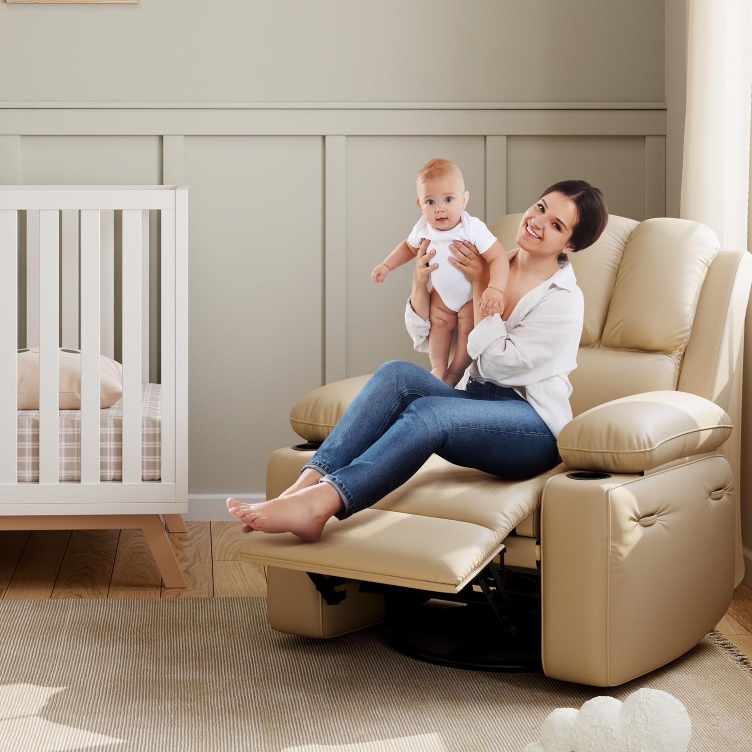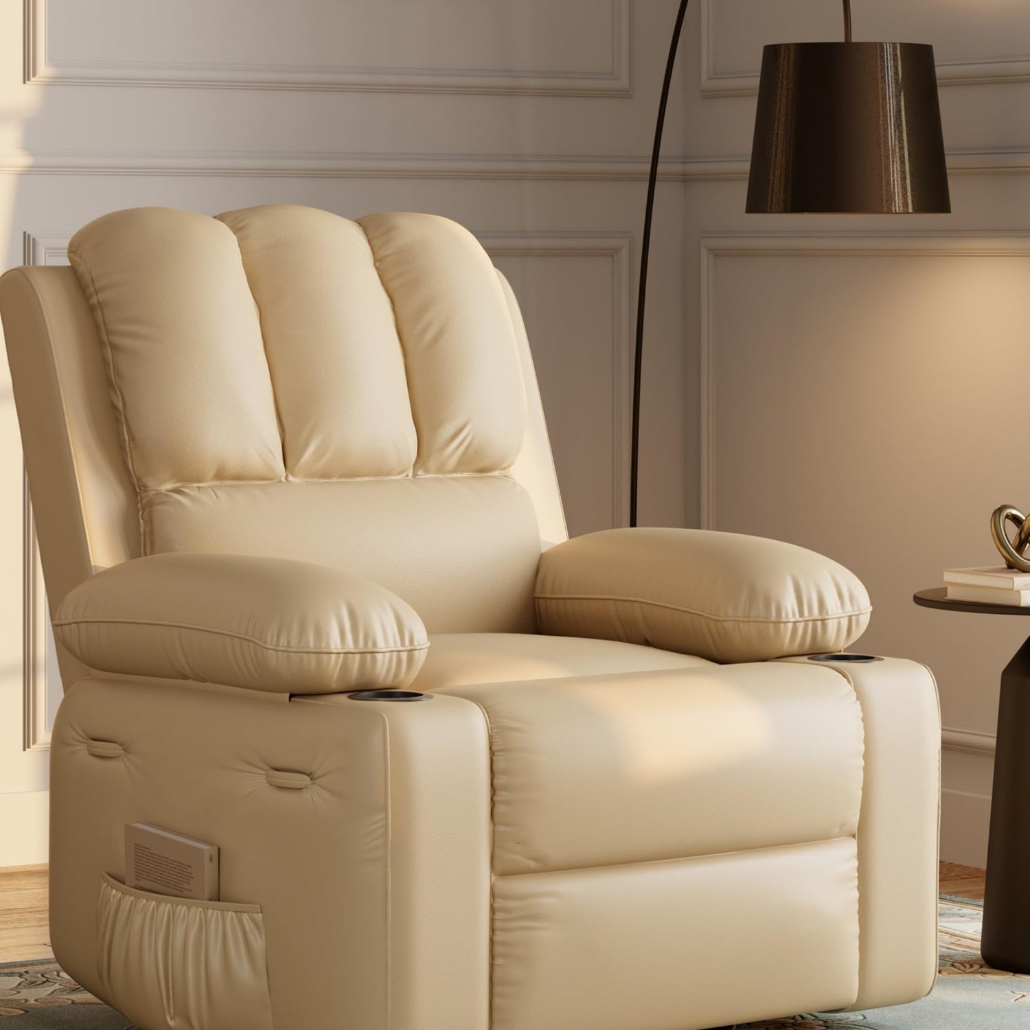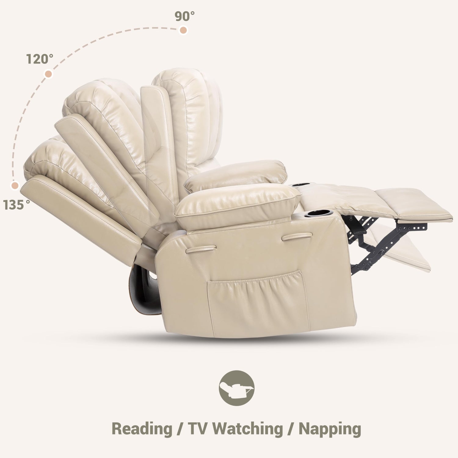 Garvee 27'' Oversized Recliner, Manual Recliner Chair for Adults, PU Leather Single Sofa with Extra Width, for Nursery, Living Room, and Bedroom, Creamy
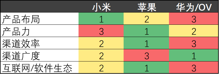 可以看出,小米和苹果都在产品布局、渠道效率、互联网/软件生态较竞争对手更具优势,而背后反映的是苹果、小米在格局上的领先(苹果的软件生态和小米的物联网生态)。所以,小米是有机会成为一家苹果级的公司的。
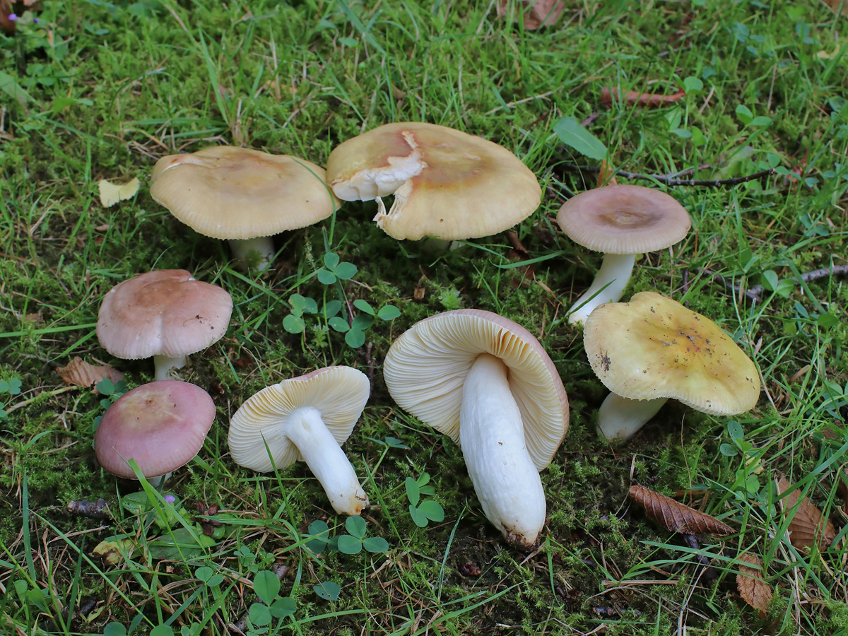 Der Hainbuchen-Täubling (Russula carpini) wächst ausschließlich in Symbiose mit Hainbuchen (Carpinus betulus). Es handelt sich um eine mittelgroße Art mit sehr variabler Hutfarbe und intensiv gelbem Sporenpulver, die auf basenreichen Böden wie Kalkböden wächst.
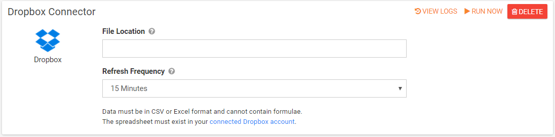 Enter the file location on Dropbox to import data from. The location should be entered in the following format: 'FolderName/Folder2/FileName.csv'. The following file types can be imported as a Data Source: Comma Separate Values (.csv), Microsoft Excel (.xlsx). - Refresh Frequency
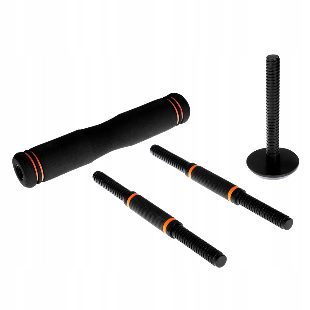 Штанга также является универсальным снарядом по количеству возможных упражнений и задействованию групп мышц. Благодаря своей конструкции штанга более устойчива, чем гантели, поэтому мы можем использовать больший вес. Это также будет хорошим решением в начале ваших силовых тренировок, когда осознание мышц слабее, чем на более поздних стадиях. Штанга в этом наборе создана путем специального соединения двух коротких стержней. Втулка для штанги ввинчивается в соединение. Средний элемент оснащен эргономичной губкой, предотвращающей дискомфорт при выполнении, например, приседаний со штангой.
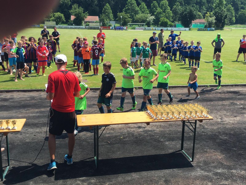 Bei hoch sommerlichen Temperaturen landeten unsere U9-Schützlinge einen Überraschungsturniersieg in Tüssling! Überraschend darum, da aufgrund Krankheit und Verletzung unser Team ohne Ersatzspieler zum Turnier antrat. Und weil dass nicht genug war, mussten wir das komplette vorletzte Spiel des Turniers sogar in Unterzahl bestreiten, da Leon Laufenböck mit Schwindel und Übelkeit nicht weiter machen konnte. Gott sei Dank konnten wir uns im letzten Spiel noch mit unserem F2-Akteur Filip Cumbo verstärken, so dass wir wenigstens wieder ein komplettes Team zum Abschluss stellen konnten! Ohne Niederlage holten sich die Jungs den verdienten 1. Platz!
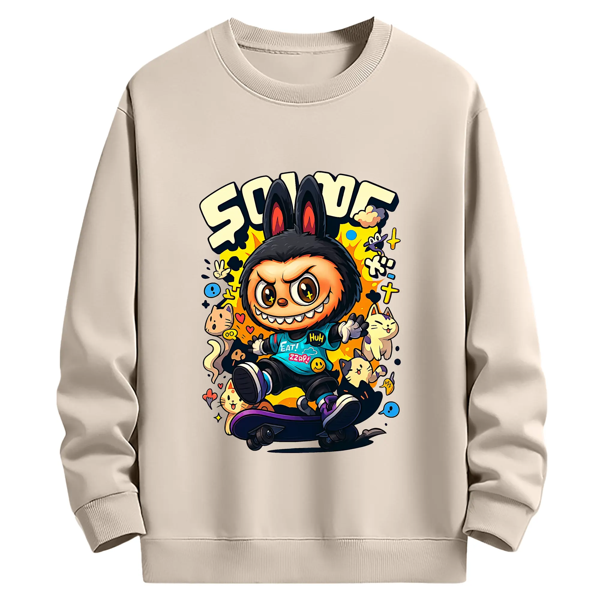 ラブブ グッズ ジモモ - 薄手 クルーネック スウェット 裏毛260g · ポリエステル 春秋向け カジュアル 男女兼用 · トレーナー デイリー スポーツ 散歩に最適
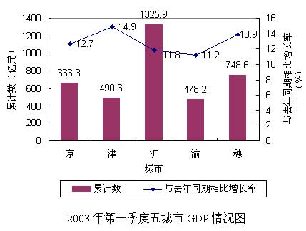?、?2003年第一季度五個城市的GDP總量均實現(xiàn)了兩位數(shù)增長
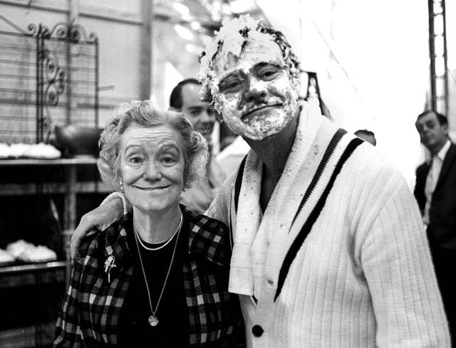 أم جاك ليمون تزوره فى موقع التصوير وواضح من الصورة من أين إكتسب جاك مواهبه الكوميدية.
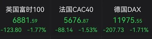 欧股普遍收跌,德国DAX指数跌1.71%,英国富时100指数跌1.77%,法国CAC40指数跌1.53%。
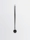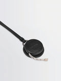 The Molded Tape Necklace is crafted from patinated black leather using Lemaire’s molded leather technique. It features a sculptural case with an embossed Lemaire logo at the front and a removable leather strap with an engraved metal detail. Inside, a functional measuring tape is housed within the molded case.
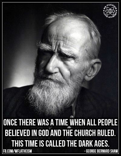 Atheism, George Bernard Shaw, Quotes The dark ages Image January 28, 2015 We Fucking Love Atheism Leave a comment Share this: Click to share on X (Opens in new window) X Click to share on Facebook (Opens in new window) Facebook Click to share on Pinterest (Opens in new window) Pinterest Click to share on Tumblr (Opens in new window) Tumblr Click to share on Reddit (Opens in new window) Reddit Related
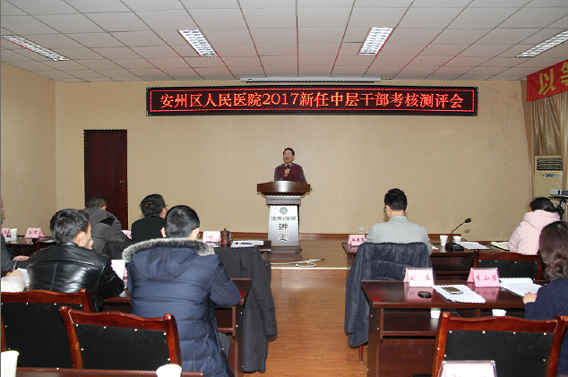 1月11日下午,我院在一会议室召开了2017年新任中层干部考核测评会,会议由党委副书记蒋清主持,院领导班子、全体中层干部及部分职工代表共计100余人参加了会议。
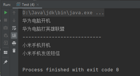 下面进行测试,我们生产一个华为电脑进行开机和打游戏,然后生产一个小米手机开机和打电话。可以看到实际上我们使用华为工厂进行了华为的电脑生产,用小米的工厂生产了小米手机。但是他们并不是同一个工厂,且从产品维度属于同一个产品,从同一个品牌维度又属于同一个品牌。

+===+

→ **EXERCISE BRIEF**: Begin at the first line of the data above and repeat each line exactly, stopping after the line containing "Enter the file". Omit the pictures.

→ **SOLUTION BELOW**:
 Garvee 27'' Oversized Recliner, Manual Recliner Chair for Adults, PU Leather Single Sofa with Extra Width, for Nursery, Living Room, and Bedroom, Creamy
 可以看出,小米和苹果都在产品布局、渠道效率、互联网/软件生态较竞争对手更具优势,而背后反映的是苹果、小米在格局上的领先(苹果的软件生态和小米的物联网生态)。所以,小米是有机会成为一家苹果级的公司的。
 Der Hainbuchen-Täubling (Russula carpini) wächst ausschließlich in Symbiose mit Hainbuchen (Carpinus betulus). Es handelt sich um eine mittelgroße Art mit sehr variabler Hutfarbe und intensiv gelbem Sporenpulver, die auf basenreichen Böden wie Kalkböden wächst.
 Enter the file location on Dropbox to import data from. The location should be entered in the following format: 'FolderName/Folder2/FileName.csv'. The following file types can be imported as a Data Source: Comma Separate Values (.csv), Microsoft Excel (.xlsx). - Refresh Frequency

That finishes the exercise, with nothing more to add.